Дейн натягивает мне на плечи мягкую клетчатую рубашку, застегивая пуговицы за меня. Он делает это осторожно и нежно, как будто я инвалид, и это настолько контрастирует с тем, как он вел себя десять минут назад, что я бы рассмеялась, если бы могла делать что угодно, кроме как покачиваться на ногах.
Он нежно целует меня в губы, затем заглядывает мне в глаза, словно проверяя, нет ли сотрясения мозга.
— Ты в порядке?
Я целую его в ответ, глубоко и совсем не нежно.
— Я намного лучше, чем в порядке.
— Слава богу, — говорит он с облегчением. — Господи, Реми, я не знаю, что на меня нашло, рядом с тобой я как гребаное животное. Я не хочу, чтобы ты думала, что я был таким с Лайлой, потому что это не так. Я никогда раньше не доходил до такой крайности.

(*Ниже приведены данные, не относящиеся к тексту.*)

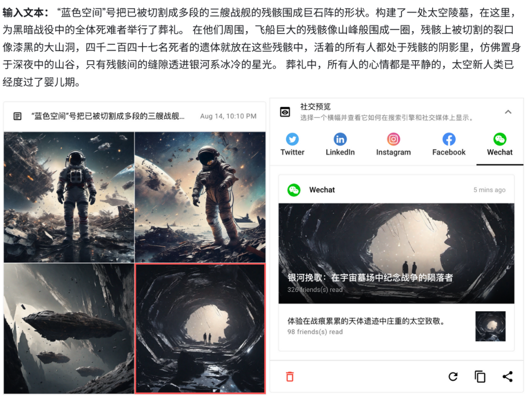 和市面上需要写好提示词才能出图的 AI 绘画工具不同, BestBanner 可以直接根据用户提供的一段文案、一段博客文章、一个短篇小说,生成相关的、可以使用的、不涉及版权问题的图像。这是由 Jina AI 自身的需求出发的产品,他们有高产的技术博客需要配图,但使用设计师有些大材小用,而选图可能贴合度不高。
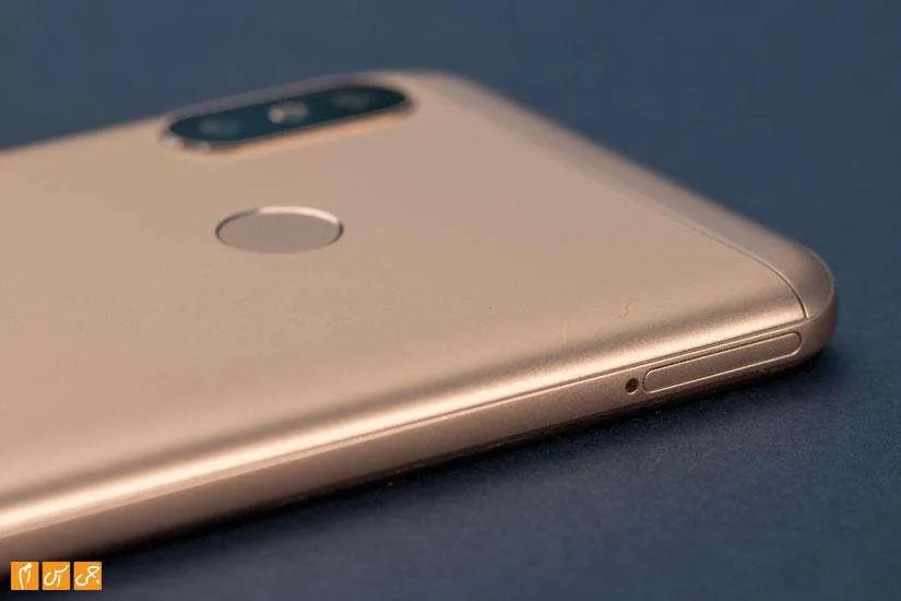 فریم اطراف دستگاه مانند بدنه از فلز ساخته شده که دقیقا همرنگ بدنه است. با وجود اینکه صفحهنمایش بزرگ است اما از نظر ابعاد شاسی با گوشی بزرگی روبرو نیستیم منتهی یکی از ایرادات اصلی A2 lite ضخامت زیادش است. اولین بار که گوشی را ببینید و دست بگیرید این ضخامت زیاد بهخوبی خودش را نشان میدهد و توجه شما را جلب میکند. یکی دیگر از ایراداتی که میتوان به گوشی وارد دانست فاصله میان باتری و قاب پشتی دستگاه است که با چند بار ضربه زدن به بخش میانی قاب پشتی میتوانید به وجود این فضای خالی پی ببرید و شیائومی باید فکری به حال این طراحی و قرار گرفتن باتری بکند.
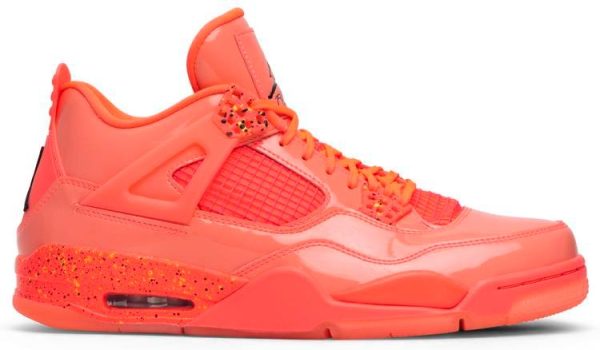 Sporting an energetic . monochromatic finish . the women’s Air Jordan 4 Retro NRG ‘Hot Punch’ is dipped entirely in Hot Punch. The mid-top’s leather upper is topped with patent leather paneling . while black and Volt speckling accents the midsole and eyelets. The herringbone outsole features partially translucent rubber.
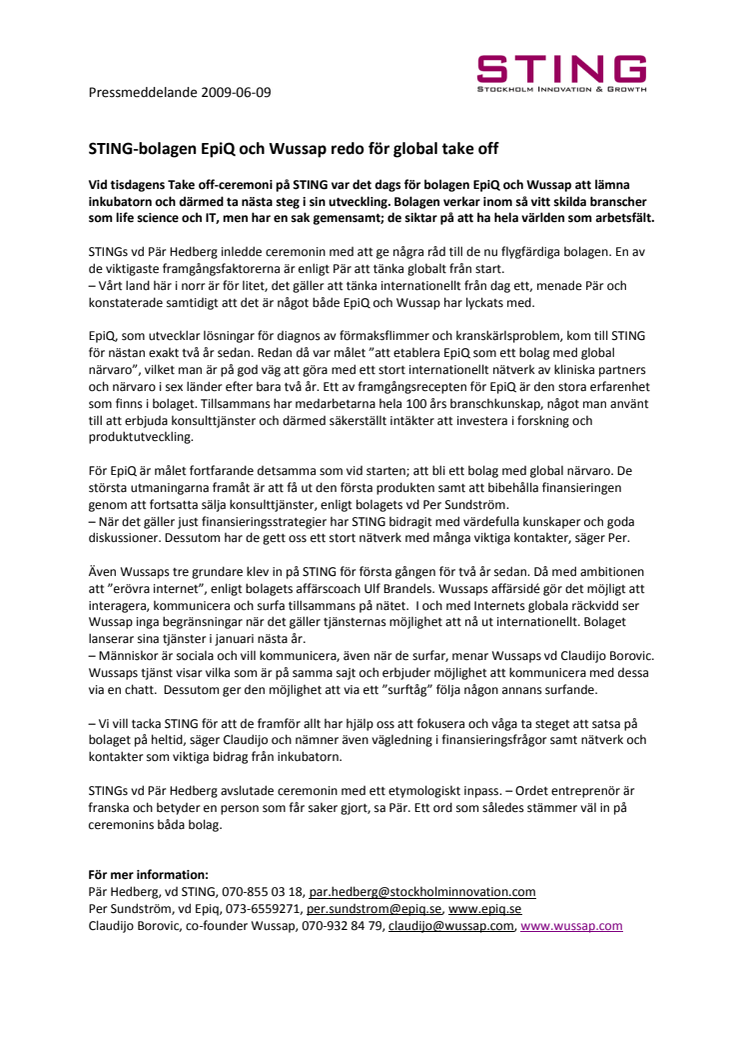 Vid tisdagens Take off-ceremoni på STING var det dags för bolagen EpiQ och Wussap att lämna inkubatorn och därmed ta nästa steg i sin utveckling. Bolagen verkar inom så vitt skilda branscher som life science och IT, men har en sak gemensamt; de siktar på att ha hela världen som arbetsfält.
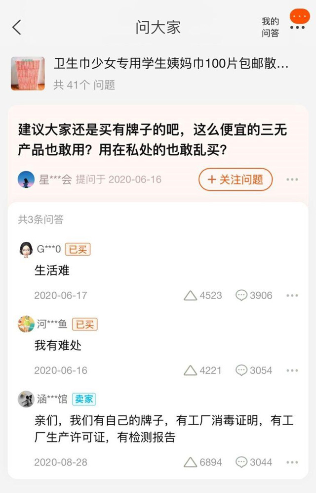 In August 2020, a post on Weibo sparked heated debate on the price and quality of disposable pads in China. The original post by Weibo user Shangwang hairen 上網害人 showcases screenshots of a product page on Taobao and a thread of discussion in the product review section. The post is captioned “about menstrual pads, I only found out by accident that there are packageless menstrual pads for sale”, and the product featured in the screenshot is a bag of 100 menstrual pads put in a transparent zipper bag sold at 21.99RMB. What stirred public opinion was the second screenshot showing customer reviews, where a person has warned others of the potential risk of using such a product: “I suggest getting pads that are branded, how can you get anything this cheap for your private parts?”, only to have received replies like “life is tough” and “I have difficulties”.
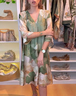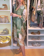 SPECIFIKATIONER Stil: Afslappet Materiale: Bomuldsblanding Kjoletype: Shift-kjole Kjolelængde: Maxi Halsudskæring: V-udskæring Mønstertype: Farveblok Ærmetype: Almindeligt ærme Ærmelængde: Trekvartærmet Detaljer: Lomme Pasform: Almindelig Sæson/årstid: Forår,Sommer Lejlighed: Daglig Pakken inkluderer: 1 x Kjole STØRRELSESTABEL (cm) Størrelse...
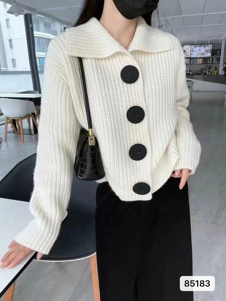 2023年早春新款女装开衫外套女上衣宽松韩版时尚大扣翻领针织毛衣
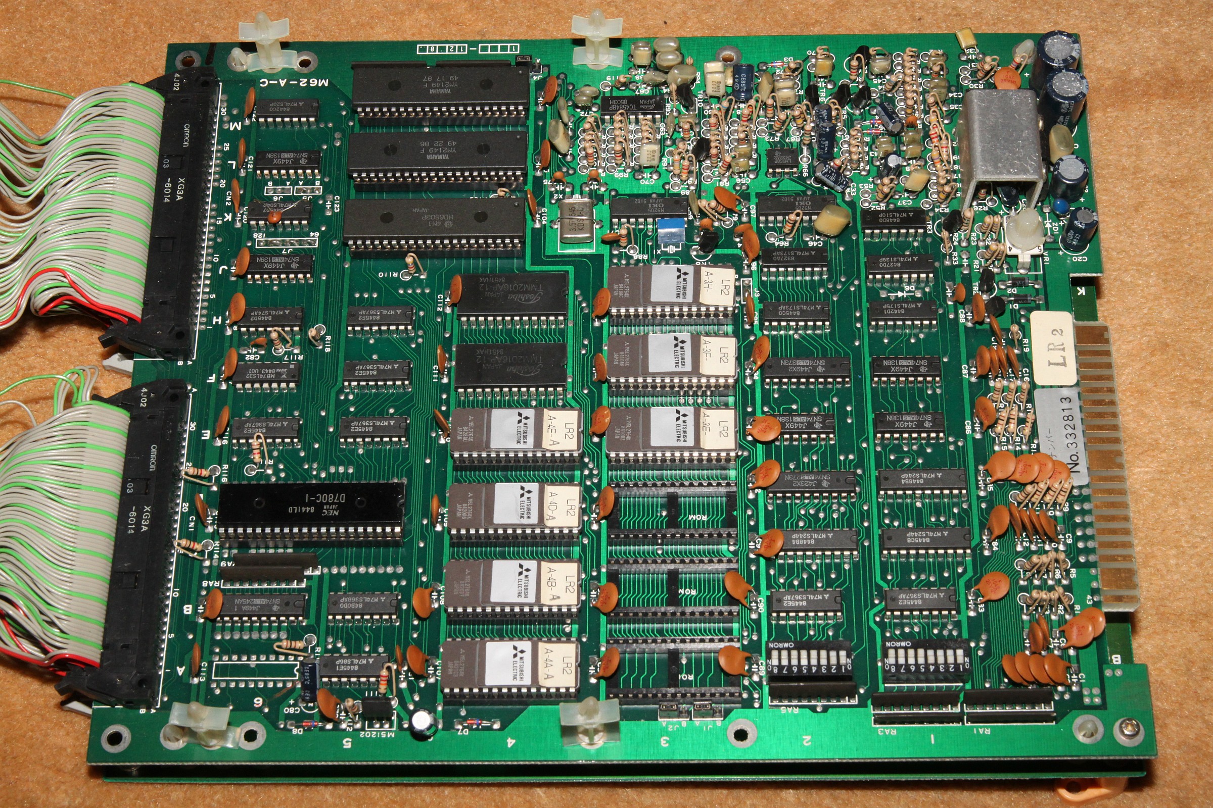 {Lode Runner} Heute: ein schönes Original: Lode Runner - sauber aufgebaute PCBs, übersichtlich, kein Schaltplan... {Diagnose} Heute: ein schönes Original: Lode Runner - sauber aufgebaute PCBs, übersichtlich, kein Schaltplan...Adapter bauen, anschließen, kein stehendes Bild - auf den Fotos sieht es besser aus, als es ist... {Reparatur} Kein Sync... woran kann das liegen? Da hilft nur eine Durchgangspiepser-Orgie vom Stecker bis über drei Platinen. Composite Sync wird von einem 74LS08 zusammengbaut und über einen 1kOhm Widerstand an die Steckerleiste gegeben - bei 75 Ohm Eingangswiderstand der gängigen Monitore ist das eine suboptimale Idee - vom Signal bleibt nichts übrig! Ein Überbrücken mit 68 Ohm (ich hatte leider nur SMD da) behebt das Problem sofort: Ach, so sieht es doch schon besser aus - das Spiel ist echt gut gemacht. Ich spielte es damals gerne auf dem Apple ][... Auf der untersten PCB sind die Kandidaten: der obere Kreis zeigt den 1KOhm Widerstand, der untere Kreis den 74LS08, der das Composite Sync generiert: |
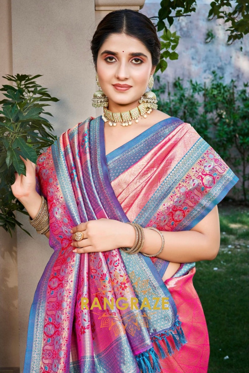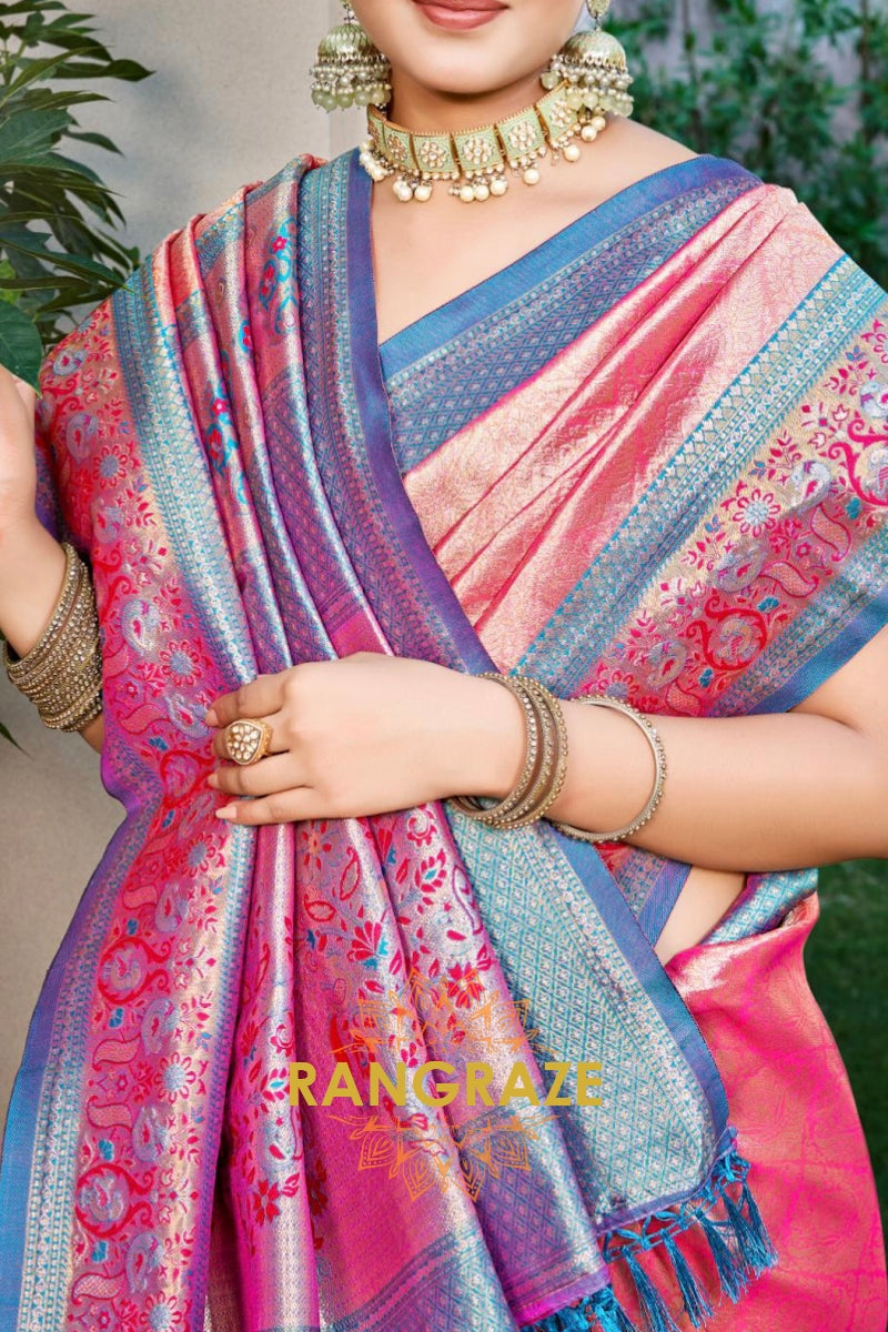 Pink Kanjivaram Silk Saree with Heavy Zari Work
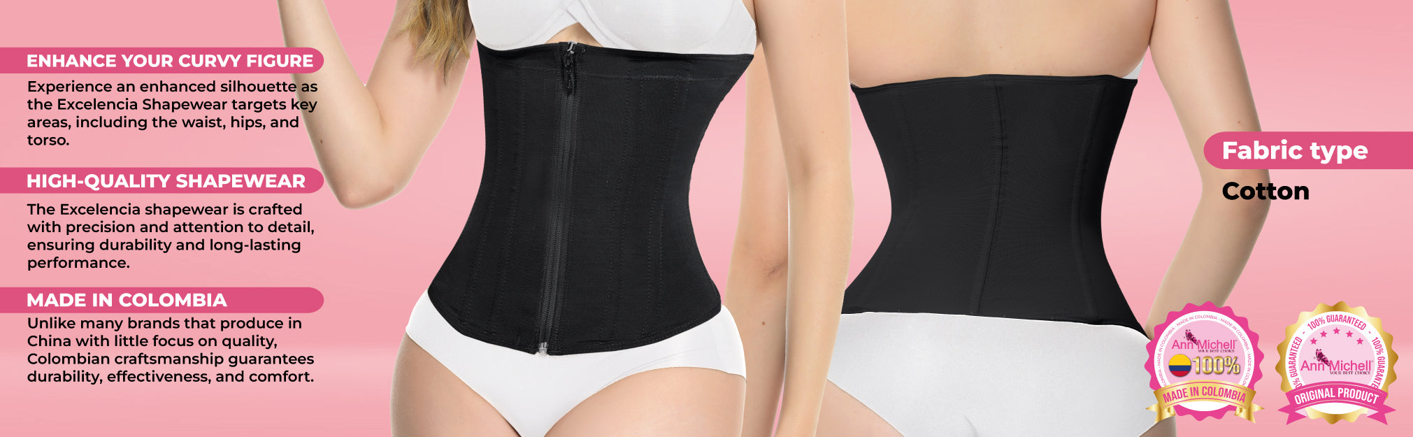 • About the garment: The Exclencia corset type waist trainer is meant to reduce waist, abdomen, and lower back measurements. It features a 2 hidden rows of hooks and zipper with eye closure for more compression. It has internal rods for better support in your posture and back. This corset type garment is ideal for everyday use.
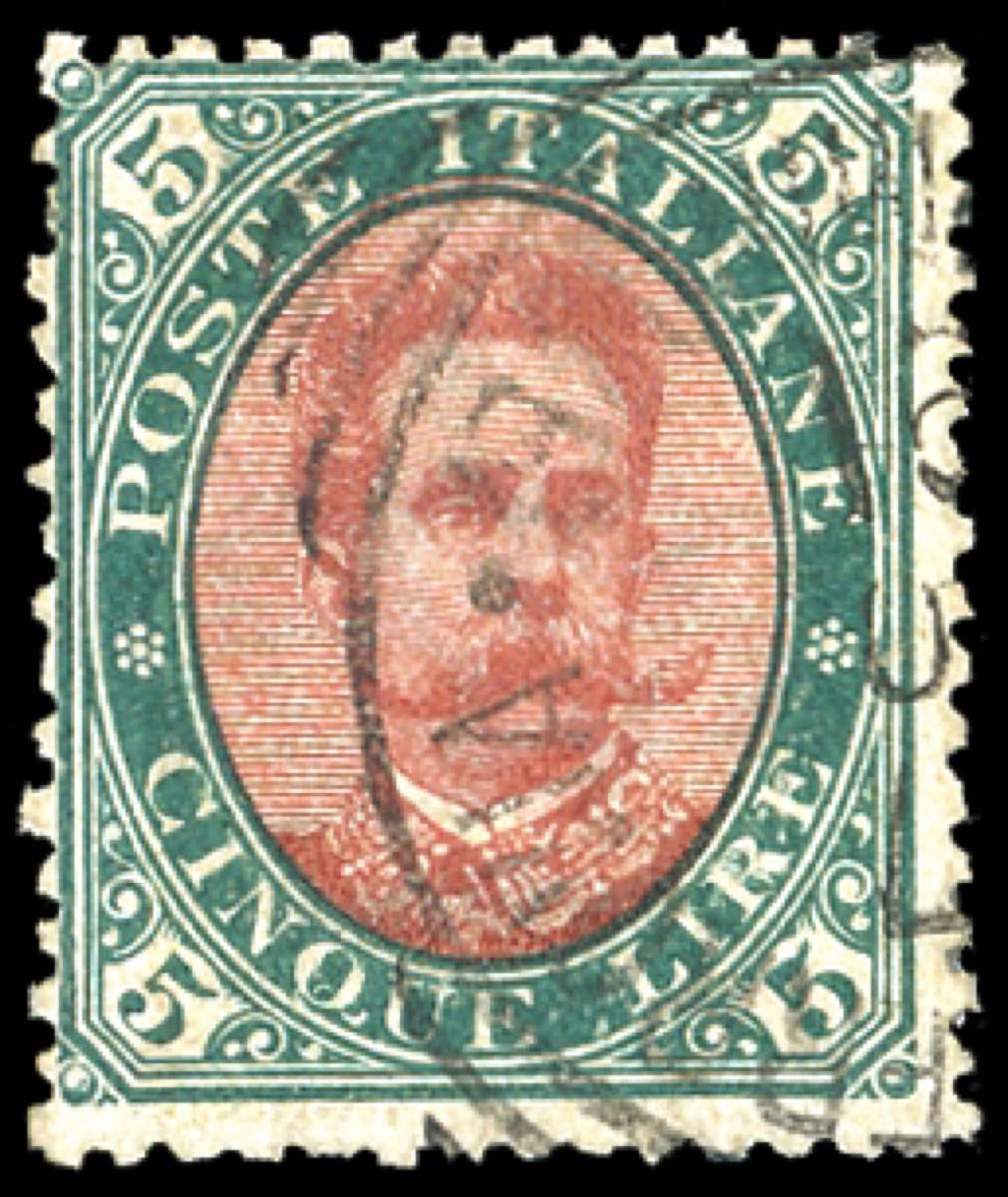 Lot 959 - 1889 - 5 lire verde e carminio Umberto I (49), usato, ...
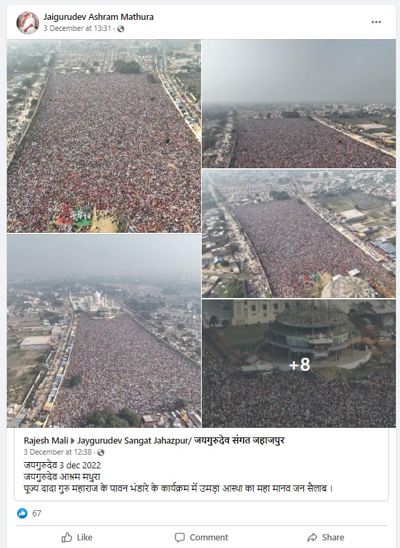 The post featured over 45 photos from a program at Jaigurudev Ashram in Mathura, including the photo widely shared to show the crowd at Bharat Jodo Yatra in Rajasthan.
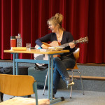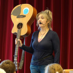 Am Mittwoch wartete das nächste Highlight auf die Inselkinder. Die Inselschule bekam Besuch von der bekannten Autorin Bettina Göschl. Diese ist häufiger auf der Insel anzutreffen, diesmal hatte sie aber als einziges Ziel die Aula der Inselschule, wo alle Grundschulkinder schon gespannt auf sie warteten. Mit im Gepäck hatte sie ihre Gitarre und verschiedene Bücher, auf die sich die Kinder später begeistert stürzten.
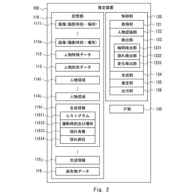 【解決手段】推定装置(100)は、撮影時刻が異なる3以上の画像のそれぞれから、対象人物を認識する人物認識部(122)と、認識された対象人物に対応する輪郭内を人物領域とした画像のうちの第1の画像組における各画像の間で輪郭内における画素値の分布の変化量を検出する検出部(123)と、変化量が閾値以上である場合、第1の画像組の各画像が撮影された時間帯及び場所の範囲において対象人物が所持物を紛失したと推定する推定部(125)と、を備え、検出部(123)は、第1の画像組のうち少なくとも一方の第1画像における第1人物領域から対象人物の向きに応じた輪郭に身体部位の欠けである隠れ部位が検出される場合、他方の第2画像における第2人物領域として、隠れ部位を除外した輪郭内の領域を検出する。
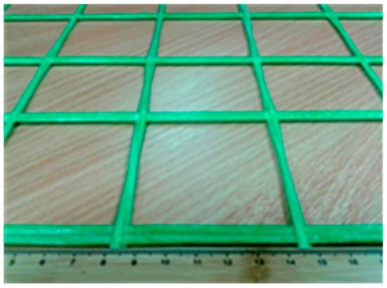 Glass-fiber-reinforced polymer (GFRP) grid with a 66 × 66 mm mesh size.
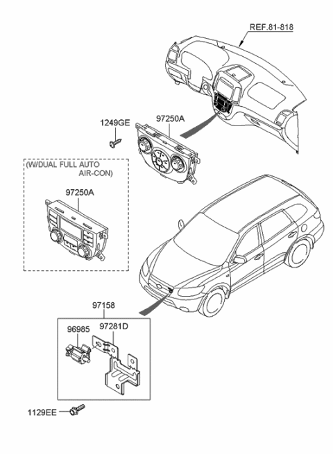 HyundaiPartsDeal.com offers the wholesale prices for genuine 2006 Hyundai Santa Fe New Body Style - Produced Before SEP.10.2006 (Korean) parts. Parts like Heater System-Heater Control are shipped directly from authorized Hyundai dealers and backed by the manufacturer's warranty. Parts fit for the following vehicle options. Body: 5 Door Wagon.

Самым странным образом, мне это нравится. Я не хочу, чтобы Дейн был таким ни с кем, кроме меня.
— Я не думаю, что кто-то делал это раньше, — смеюсь я. — Или, по крайней мере, они кончили не так сильно, как я.
— Если и кончили, то они мертвы, чтобы сказать нам, — Дейн хватает полотенце из ванной, чтобы вытереть шею и грудь. — Я едва выжил.
— Тебе стоит попробовать быть на принимающей стороне.
— Это то, что тебе нравится? — Дейн бросает на меня озорной взгляд, когда бросает мне свежее полотенце.
Я смеюсь.
— Раньше такого не было, но теперь я чувствую, что ты вроде как заслуживаешь этого.
Он пожимает плечами.
— Я попробую все, что угодно, если это будет касаться тебя обнаженной.
Мое лицо снова заливается краской, и я, кажется, не могу найти ответа.
— Что не так? Это было слишком?
— Нет. Я качаю головой. Это просто...
— Что?
— Иногда у меня в голове не укладывается, что я тебе нравлюсь.
Дейн хмурится, прижимая полотенце к груди.
— Реми, ты действительно не считаешь себя красивой?
— Красивая! — я фыркаю. — Симпатичная, конечно. Но также, гребаная неряха, нищебродка и отличница. В то время как ты какой-нибудь великолепный врач, которому, вероятно, даже не нужно работать, потому что, похоже, твои родители были чертовски лучше моих в финансовом планировании.
— Существует более одного вида интеллекта, — говорит Дейн. — Посмотри, как я пытаюсь соорудить предмет мебели или даже собрать его из ИКЕА, и мы посмотрим, кто будет выглядеть гребаным идиотом. Денежное дерьмо — кого это волнует. Это удача розыгрыша. А что касается того, что ты «симпатичная»… — он пересекает комнату и заключает меня в объятия, притягивая к своей обнаженной груди. — Я не мог отвести от тебя глаз с тех пор, как ты вышла из своей машины.
Он целует меня, пока мое тело не становится теплым и тяжелым, и я не обмякаю в его объятиях.
— Это не поцелуй кого-то «симпатичного», — говорит Дейн. — Это поцелуй чертовски потрясающей женщины, которая производит на меня впечатление, которая заставляет меня смеяться, у которой в мизинце больше твердости, чем большинство людей покажут за всю свою чертову жизнь.
Я вся краснею и горю, и я не хочу, чтобы он останавливался.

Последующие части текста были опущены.